Our previous study reported that SphK1 and all S1P receptors were expressed at different levels in primary, recur-rent, and secondary GBM when compared to healthy brain tissue (1). The elevated levels of S1P and SphK1 in GBM tissue were found to be correlated with a shorter survival rate of patients affected by GBM (1). Moreover, S1P was found to stimulate the motility and invasiveness of GBM cells by triggering S1P-producing enzymes and S1P receptors (13). The S1P G-coupled receptors are responsible for the activation of the Ras/extracellular signal-regulated kinase (ERK), the phosphoinositide 3-kinase (PI3K)/AKT, and the Rho/Ras (ROCK) signaling pathways (14). These intracellular pathways are associated with the growth and survival of GBM cells as well as the mutation of the tumor-suppressor genes p21, p16, phosphatase and tensin homolog (PTEN) and TP53 (15).

Bektas et al (16), reported that the inhibition of the S1P pathway induces apoptosis; therefore, new GBM therapy approaches should focus on the sphingosine pathway using S1P-analogues (4,16-18).

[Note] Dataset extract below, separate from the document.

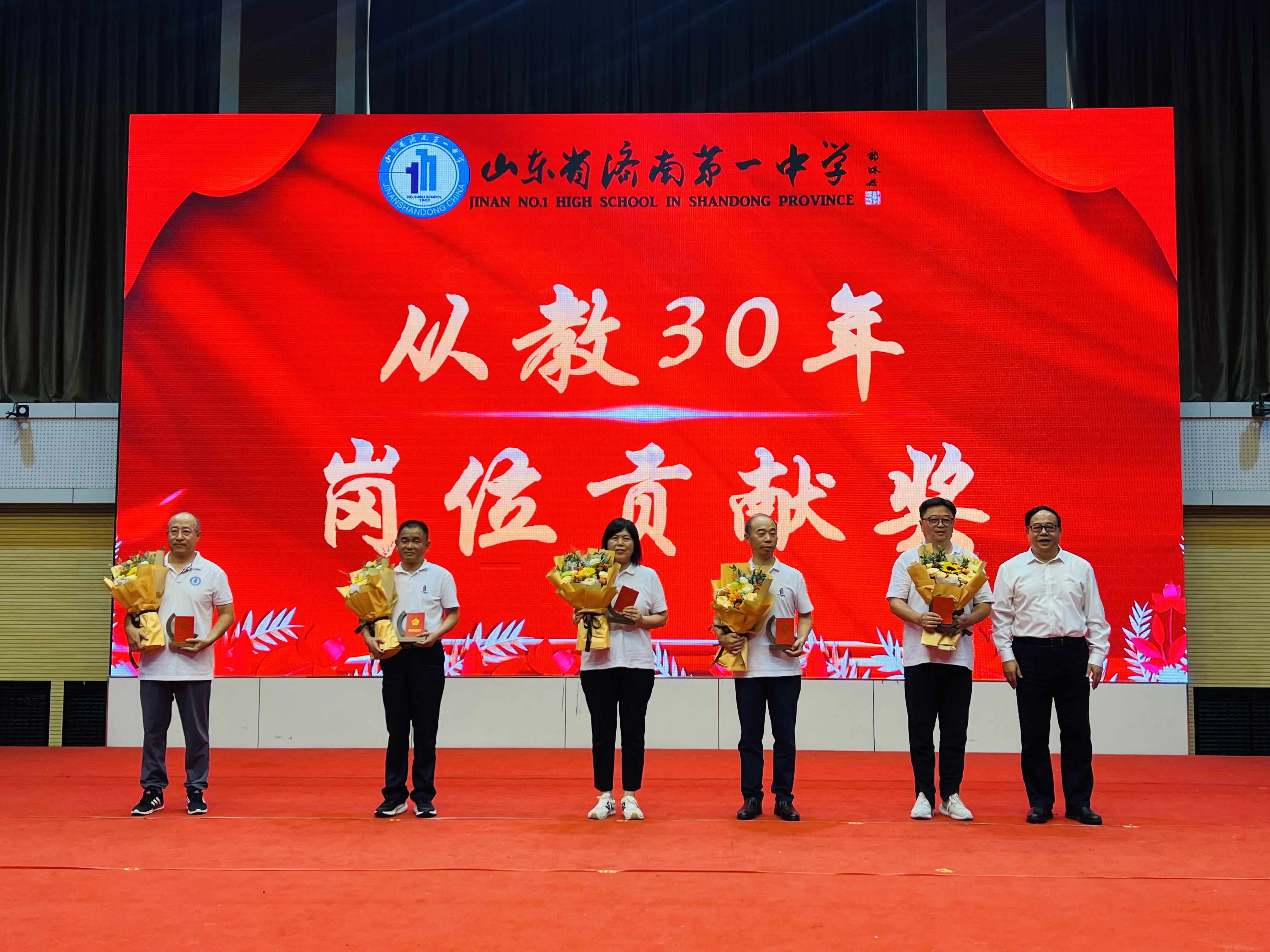 从教三十年是职业生涯的重要节点。校长苗翠强为今年工作满三十周年的五位教师颁发纪念奖杯和证书,致敬他们对教育事业的坚守。

FTY720 (fingolimod) is a S1P-analogue which was found to modulate Rho-associated kinase-1 (ROCK1), epithelial-mesenchymal transition (EMT)-related factors, and the PI3K/protein kinase B (AKT)/mammalian target of the rapamycin (mTOR)/p70S6 kinase signaling pathway (19). AKT is active in 70% of GBM patients, particularly in those with PTEN loss (20). The ability of FTY720 to cross the blood-brain barrier and the fact that it is well-tolerated in human patients, makes it an excellent candidate for cancer therapy (7,21-23). FTY720 has also shown an immunomodulating activity by causing immunosuppression in patients affected by glioblastoma (24).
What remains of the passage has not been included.